Photos courtesy of Oculus.

Nearsightedness, farsightedness, and astigmatism are caused by imperfections in the shape of cornea which in turn results in blurred or distorted vision. The cornea is a key factor in the overall eye health. With the increase in the amount of ocular surgical procedures, it has become increasingly more important during pre-operative examinations to test the eyes to ensure the best surgical decision for the patient.

Corneal topography used to be the only way that doctors were able to measure corneal curvature and its irregularities. The limitation to this type of measurement is that the topographer is only able to measure the anterior surface of the cornea. Abnormalities present on the posterior surface of the cornea were not discernible and often responsible for poor outcomes with laser vision correction.

Oculus’ Pentacam® tomographer has been a part of revolution in eye technology that can help include or exclude patients seeking laser vision correction. The Pentacam maps the anterior segment of the eye by using a rotating Scheimpflug camera, which supplies pictures in three dimensions. The images taken can then be analyzed at different depths and from different viewpoints.

The images obtained by the Pentacam are captured using the Scheimpflug Principle. This is a principle that describes the orientation of the plane of focus of an optical system, when the lens plane is not parallel to the image plane. When a subject is not parallel to the sensor plane, the lens plane has to be tilted so the subject plane, lens plane, and sensor plane all meet at the same point. The cornea center is precisely measured by the rotating camera.

The Pentacam consists of a Scheimpflug camera and slit lamp illumination, which combined, rotates around the eye. The slit illumination illuminates a thin layer in the eye. Since the cells are totally transparent, the light is scattered—creating a sectional image that is captured by the camera. The result is sharp images from the anterior surface of the cornea to the posterior surface of the lens. The Pentacam measures 138,000 true elevation points in less than two seconds and analyzes the complete anterior segment at different depths and from different viewpoints. At the same time, any eye movements are automatically captured and corrected by a second pupil camera.

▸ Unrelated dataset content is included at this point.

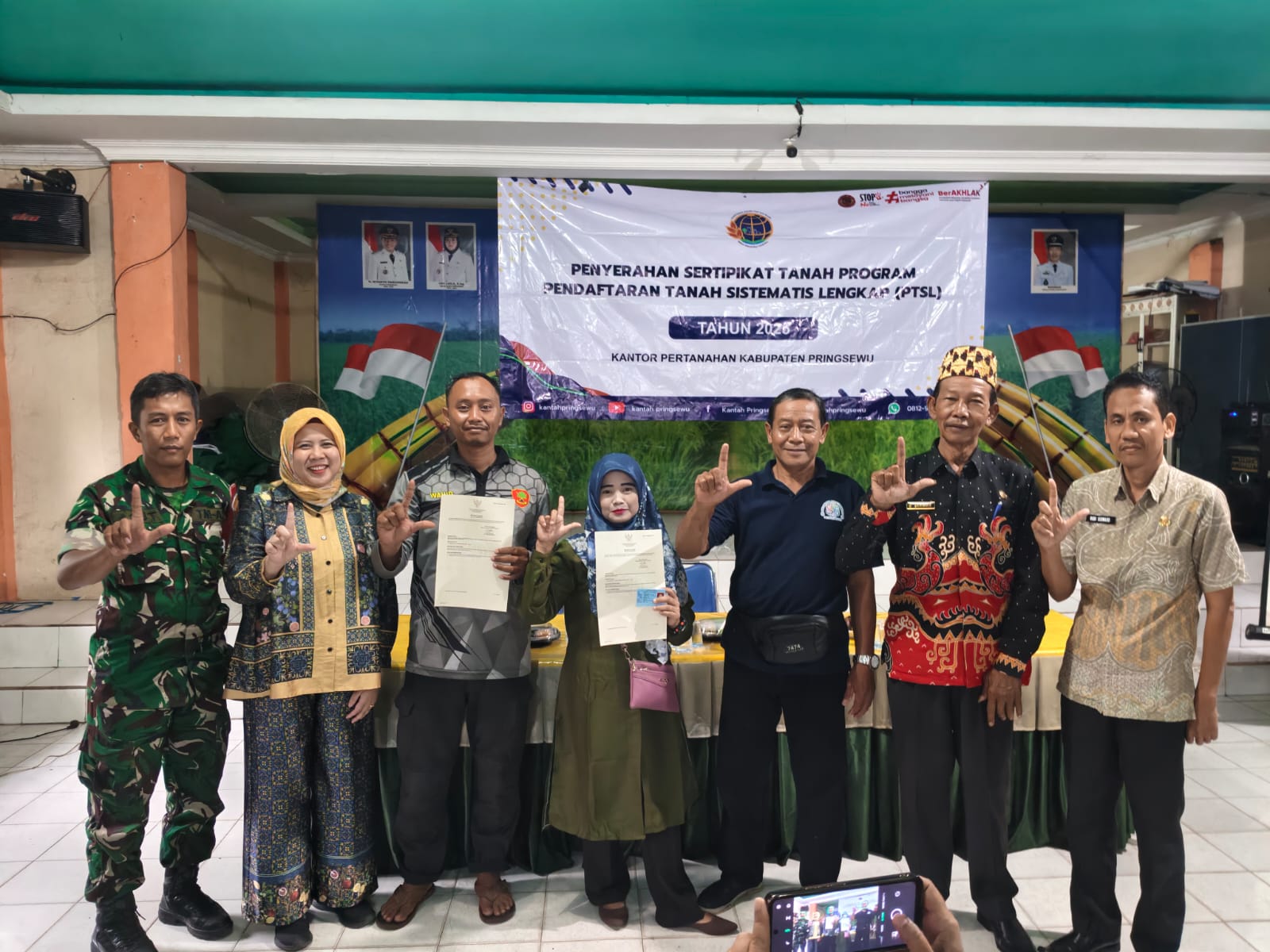 PANTAU LAMPUNG- Kantor Pertanahan Kabupaten Pringsewu membagikan 265 sertipikat tanah Program Pendaftaran Tanah Sistematis Lengkap (PTSL) Tahun Anggaran 2025 di Balai Pekon Gading Rejo, Kecamatan Gading Rejo, Kamis (12/2/2026). Penyerahan sertipikat PTSL ini menjadi bagian dari upaya pemerintah memberikan kepastian hukum hak atas tanah kepada masyarakat.

Photos courtesy of Oculus.

The Pentacam software analyzes and evaluates all the data acquired and then extrapolates this data into various colored maps of curvature, elevation, anterior chamber angle, chamber volume, and lens densitometry.

The information collected lets the clinician view the eye in three dimensions at 25 different angles. This is important in determining whether a patient is a candidate for laser vision correction. The precise elevation maps obtained by the Pentacam can aid in the decision of whether laser vision correction will be effective and safe to perform. It can also screen for keratoconus, a degenerative disorder of the eye. In addition, the Pentacam can detect an ectatic posterior corneal surface even if the anterior surface appears normal as well as pellucid marginal degeneration (peripheral corneal thinning usually inferiorly).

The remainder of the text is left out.